### [Material provided]

-=-=-

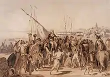 Parvenu vers le à Jacmel, en Haïti, Miranda équipe deux nouveaux navires, le Bee et le Bacchus, ainsi que leurs équipages. Le , Miranda hisse au mât du Leander, le premier drapeau du Venezuela libre qu'il a fait fabriquer. Le , échec d'une première tentative de débarquement à Ocumare de la Costa, quand deux navires garde-côtes espagnols, l’Argos et le Celoso, s'emparent du Bacchus et du Bee, faisant prisonniers soixante hommes, la plupart américains, qui passent en jugement à Puerto Cabello pour piraterie. Sur ce, dix « mercenaires » sont condamnés à mort, pendus et démembrés en place publique le à Puerto Cabello : l'une des victimes est un jeune imprimeur, Miles L. Hall. Les autres prisonniers, officiers et membres d'équipage, sont envoyés aux travaux forcés pour une durée de dix ans. Tous ces hommes comptent parmi les premiers martyrs de la révolution vénézuélienne[13],[21].
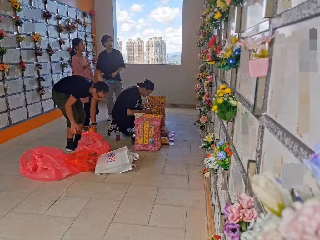 大概逗留半小時,收拾好物品後,兩子女緊隨爸爸拎著香燭、衣包去化寶爐燒祭品,讀者以為林子博化完寶便離開,「子女上車後,林子博突然一個人折返,獨自在亡妻的靈灰龕位前低頭肅立了幾分鐘,再非常感觸地去摸住靈灰位中上太太的照片,然後依依不捨離開,我看著都有點心酸。」
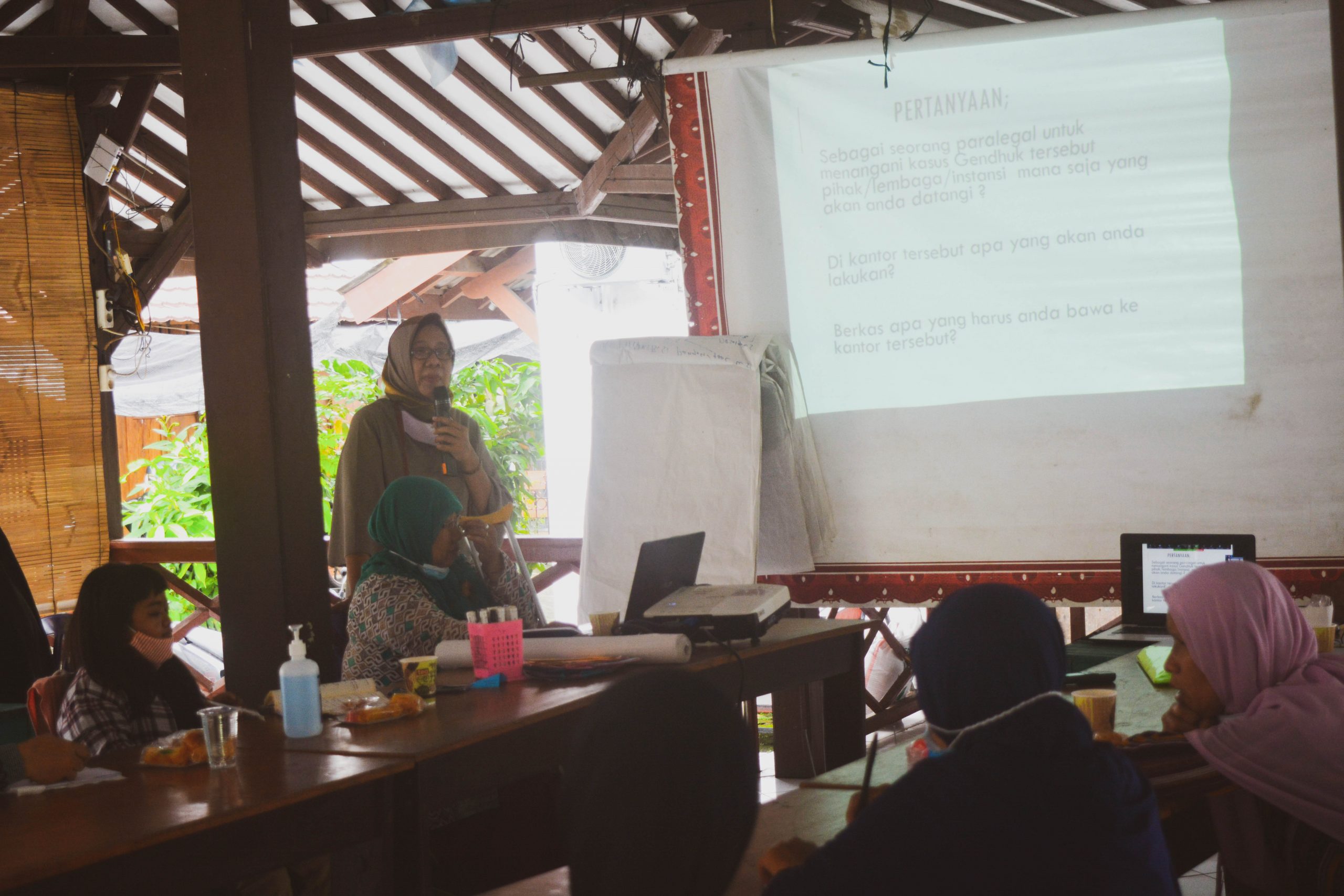 Melengkapi Supriyati, Tari dari komunitas paraplegia mengingatkan bahwa paralegal tetap harus memberikan waktu terlebih dahulu bagi penyintas untuk bisa menerangkan apa yang dialami. “Tapi itu enggak akan mudah. Mau ke aparat pun banyak yang enggak berani, karena takut,” jelasnya.
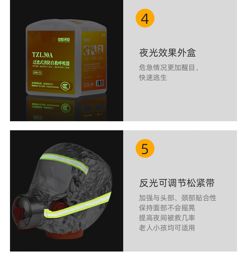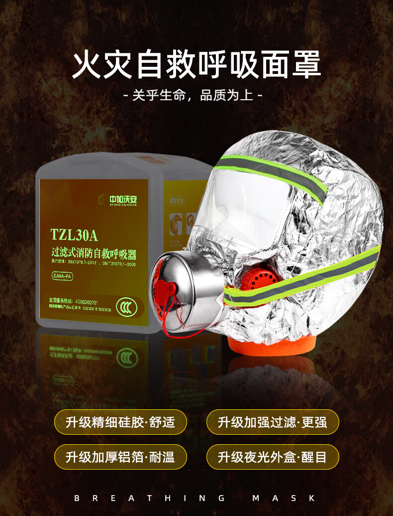 Zhongjia Woan filtered fire-fighting self-rescue respirator tzl30 mask fire-proof and smoke-proof gas mask household 3C fire escape household three-person protection escape suit 3c certification

-=-=-

Only exact repeats of the lines from the one containing "大概逗留半小時,收拾好物品後" through the end of the listing above are wanted here; pictures are not.

 大概逗留半小時,收拾好物品後,兩子女緊隨爸爸拎著香燭、衣包去化寶爐燒祭品,讀者以為林子博化完寶便離開,「子女上車後,林子博突然一個人折返,獨自在亡妻的靈灰龕位前低頭肅立了幾分鐘,再非常感觸地去摸住靈灰位中上太太的照片,然後依依不捨離開,我看著都有點心酸。」
 Melengkapi Supriyati, Tari dari komunitas paraplegia mengingatkan bahwa paralegal tetap harus memberikan waktu terlebih dahulu bagi penyintas untuk bisa menerangkan apa yang dialami. “Tapi itu enggak akan mudah. Mau ke aparat pun banyak yang enggak berani, karena takut,” jelasnya.
 Zhongjia Woan filtered fire-fighting self-rescue respirator tzl30 mask fire-proof and smoke-proof gas mask household 3C fire escape household three-person protection escape suit 3c certification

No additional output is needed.